-- What is expected --
Pictures are to be left out; every line from the one with "all the time!" through the end of the data must be transcribed exactly.

-- Recorded information --
----------------------------------------

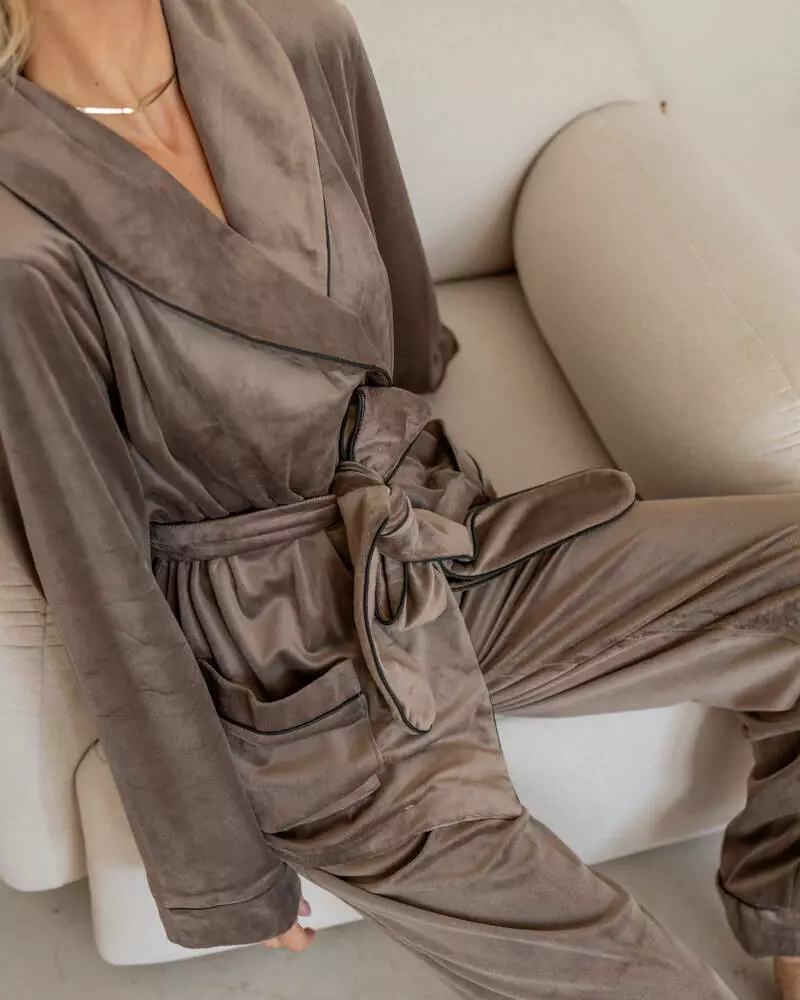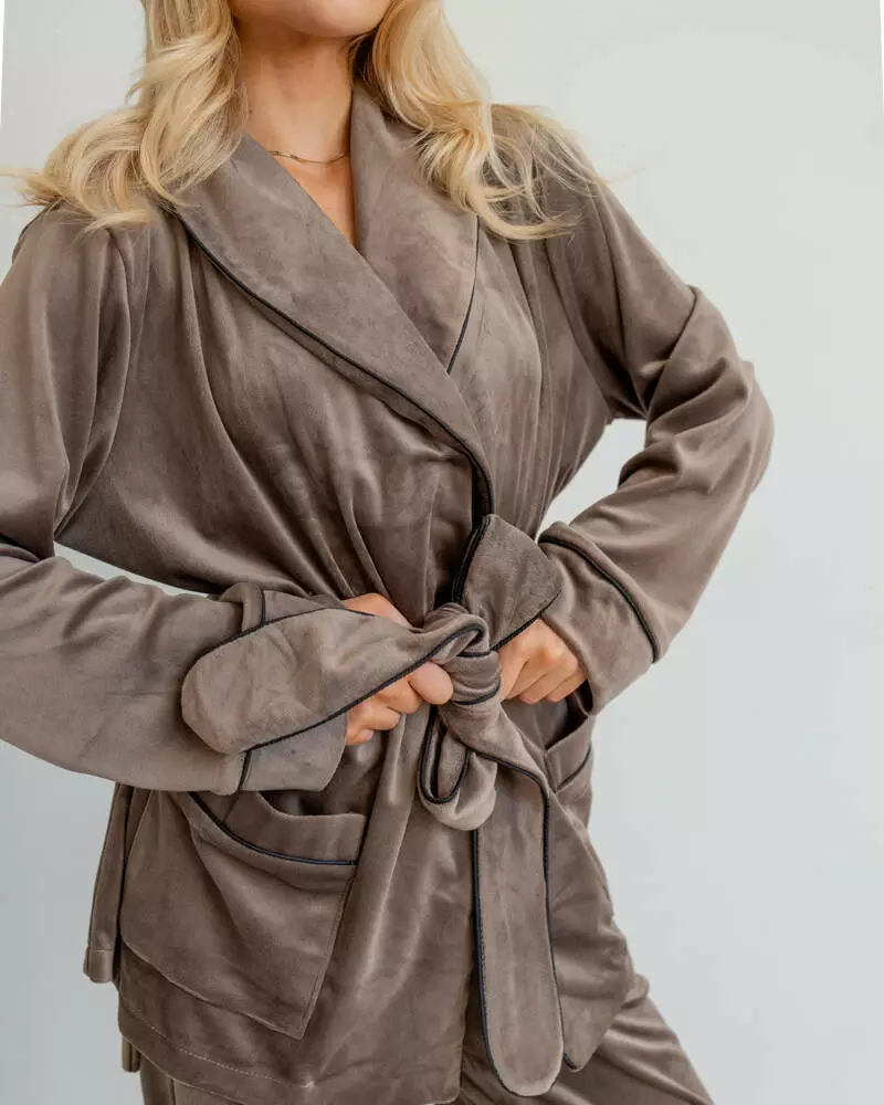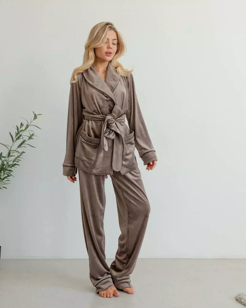 Комплект: Штани + Сорочка. Класичні штани вільного крою з резинкою на талії та кишенями. Сорочка з поясом на запах, всередині на зав'язках. Тканина: королівський плюш Туреччина на бавовняній основі Костюм оздоблений білим кантом, що додає піжамці вишуканості та виразності.
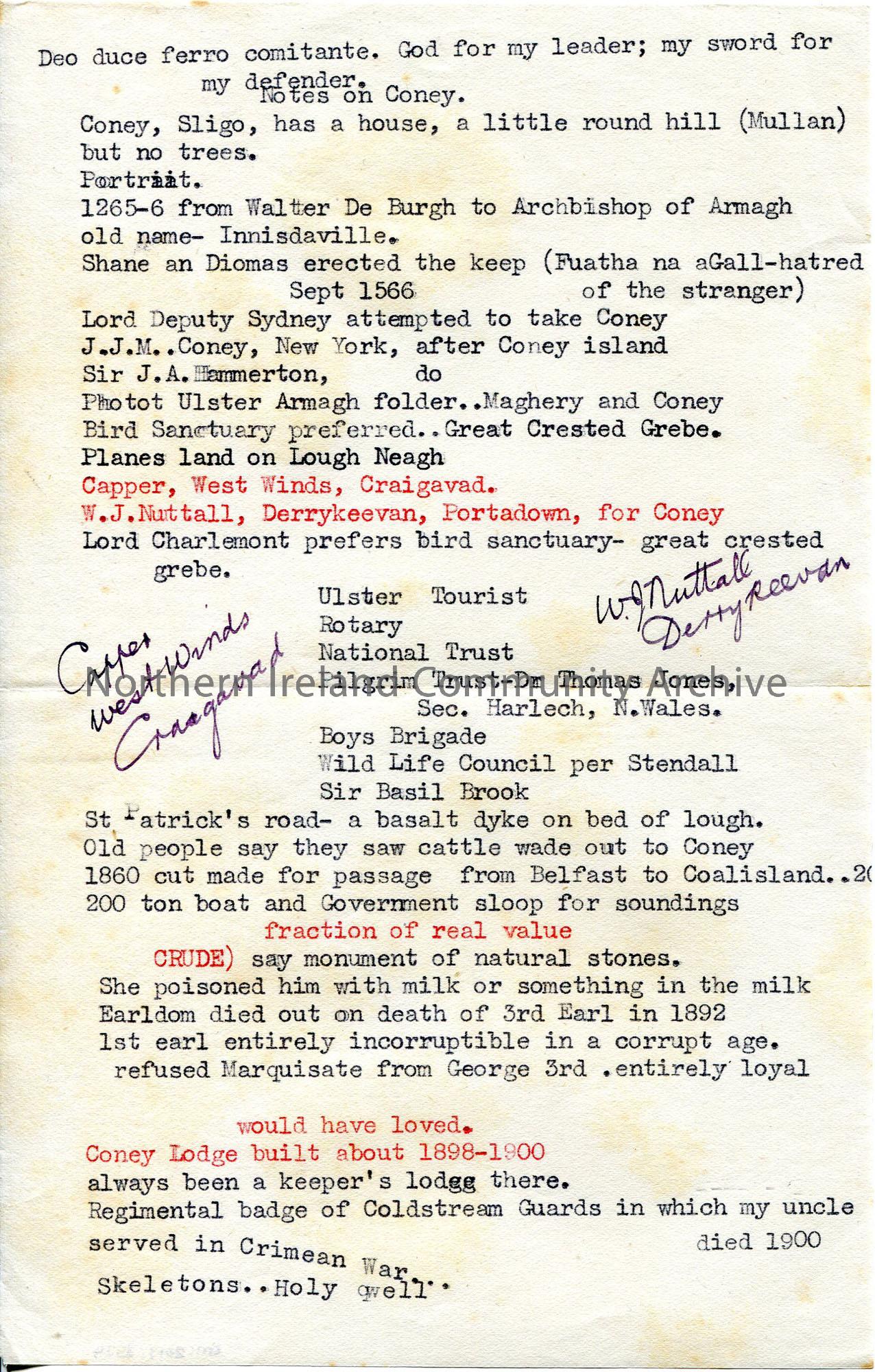 Typed notes re Coney Island, Lough Neagh. Part of Sam Henry’s attempts to have the island purchased and presented to Americans for their role in North…
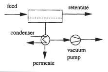 Das Ausgangsgemisch wird dem Modul bei der Pervaporation flüssig, bei der Dampfpermeation gasförmig zugeführt. Die Triebkraft wird meist durch Anlegen eines perrneatseitigen Vakuums erzeugt. In Sonderfällen kann die Perrneatseite auch mit einem Inertgasstrom gespült werden. Diese Verfahrensführung ist nur sinnvoll, wenn das Perrneat nicht zurückgewonnen werden soll oder mit dem Trägergas gemeinsam genutzt werden kann.
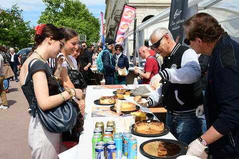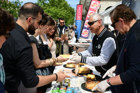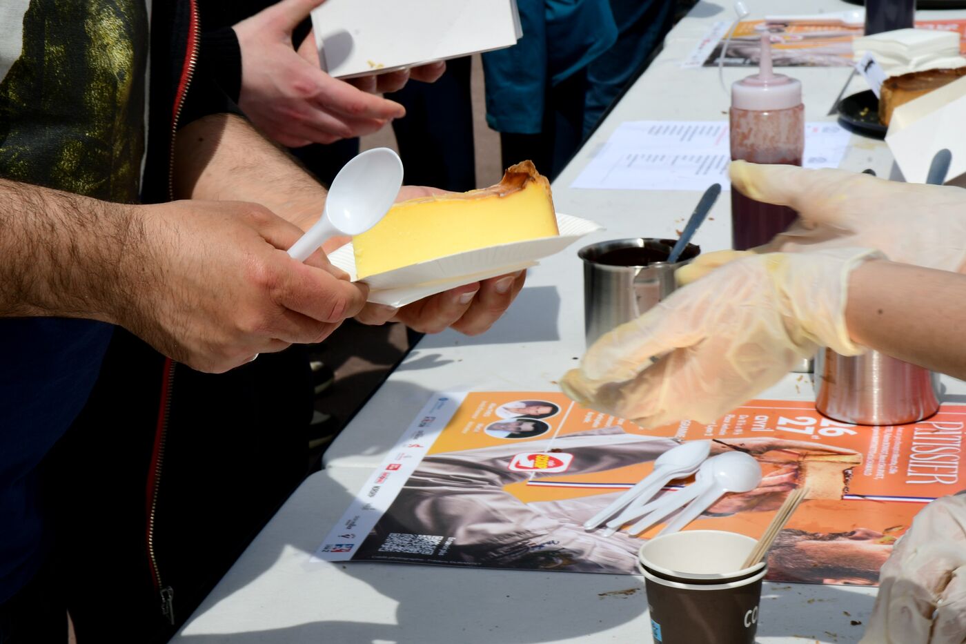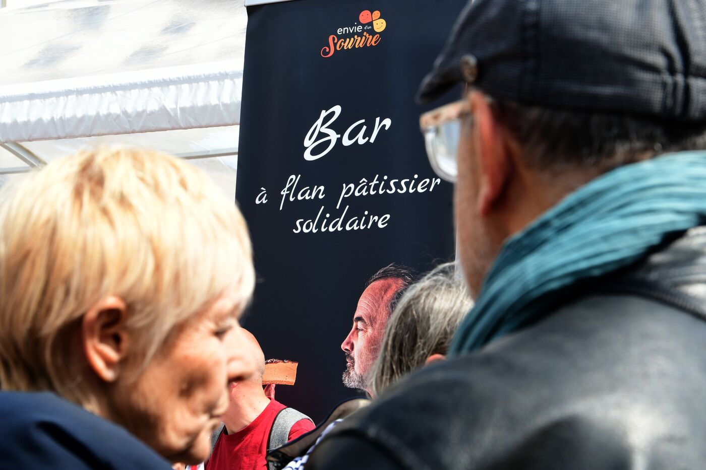 France, Lyon, 2025/04/26. Participant in the Best Flan Pâtisserie Competition in Lyon on Place Antonin Poncet by the association Envie d'un sourire (Envy for a Smile) by chef Fabrice Bonnot. Photograph by Romain Doucelin / Hans Lucas.
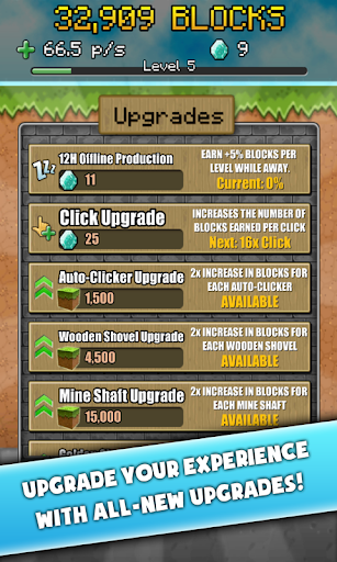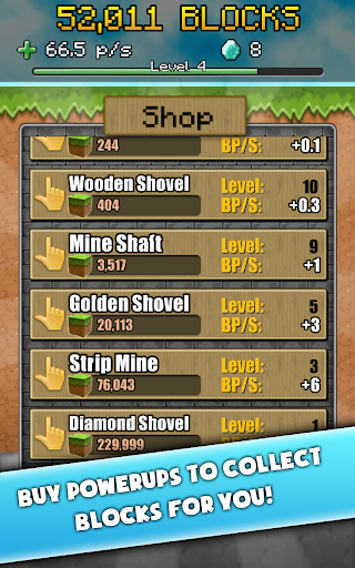 * Spend your blocks in the shop to buy machines that generate blocks all the time!
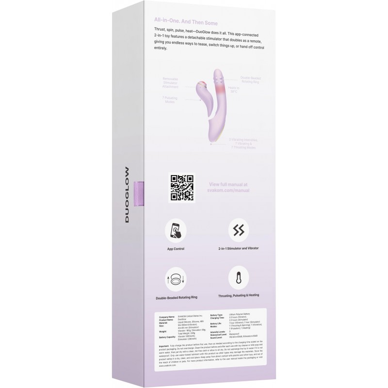 Многофункциональный вибратор Svakom DuoGlow с отсоединяемым клиторальным стимулятором — это качественная секс-игрушка формата “2в1”. Вы можете использовать вибратор и стимулятор одновременно—в роли вибратора-кролика для двойного удовольствия или снять клиторальную часть, чтобы наслаждаться каждым элементом отдельно.
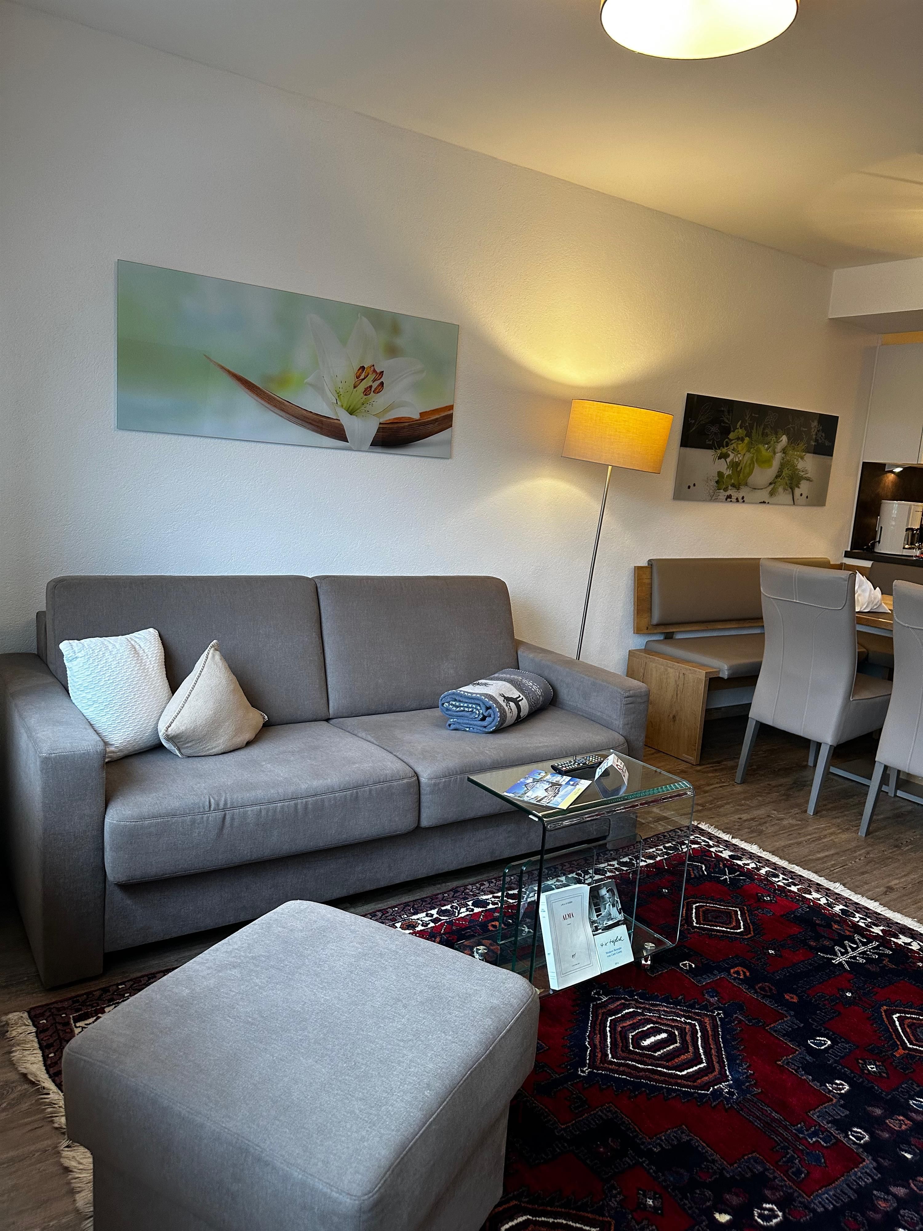 Mit einer Fläche von rund 53 m² bietet das Appartement Platz für bis zu 4 Personen und umfasst ein Wohnzimmer, ein separates Schlafzimmer, eine Küche, ein Badezimmer sowie einen Balkon oder eine Terrasse.
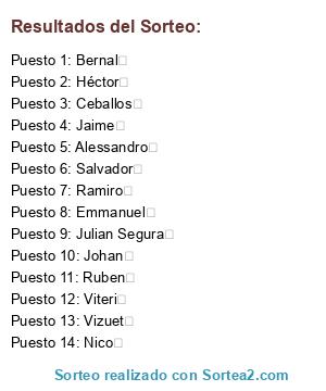 Lista de participantes: Viteri✅, Johan✅, Emmanuel✅, Alessandro✅, Julian Segura✅, Nico✅, Ramiro✅, Salvador✅, Jaime✅, Ceballos✅, Vizuet✅, Héctor✅, Ruben✅, Bernal✅.
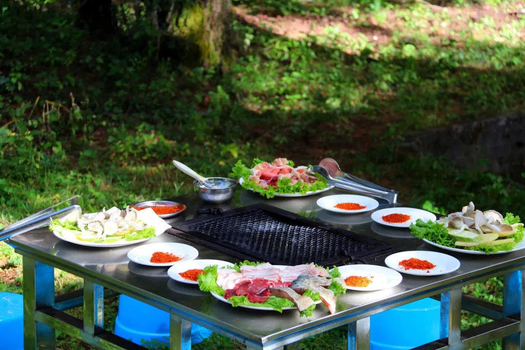 户外烧烤场地位于雪山丛林秘境,食材源于自有生态农场,绿色健康、有机可口……是夏日露营野餐好去处。此外,还有地道土鸡火塘、纳西特色炒菜等令人大快朵颐的美食。
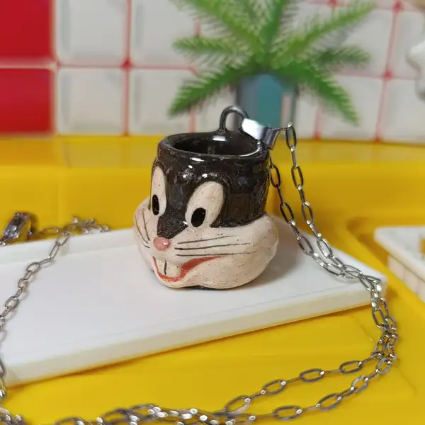 Collar Retro con Dije de Taza Miniatura – Motivo Bugs Bunny

----------------------------------------

-- Output for this exercise --
 * Spend your blocks in the shop to buy machines that generate blocks all the time!
 Многофункциональный вибратор Svakom DuoGlow с отсоединяемым клиторальным стимулятором — это качественная секс-игрушка формата “2в1”. Вы можете использовать вибратор и стимулятор одновременно—в роли вибратора-кролика для двойного удовольствия или снять клиторальную часть, чтобы наслаждаться каждым элементом отдельно.
 Mit einer Fläche von rund 53 m² bietet das Appartement Platz für bis zu 4 Personen und umfasst ein Wohnzimmer, ein separates Schlafzimmer, eine Küche, ein Badezimmer sowie einen Balkon oder eine Terrasse.
 Lista de participantes: Viteri✅, Johan✅, Emmanuel✅, Alessandro✅, Julian Segura✅, Nico✅, Ramiro✅, Salvador✅, Jaime✅, Ceballos✅, Vizuet✅, Héctor✅, Ruben✅, Bernal✅.
 户外烧烤场地位于雪山丛林秘境,食材源于自有生态农场,绿色健康、有机可口……是夏日露营野餐好去处。此外,还有地道土鸡火塘、纳西特色炒菜等令人大快朵颐的美食。
 Collar Retro con Dije de Taza Miniatura – Motivo Bugs Bunny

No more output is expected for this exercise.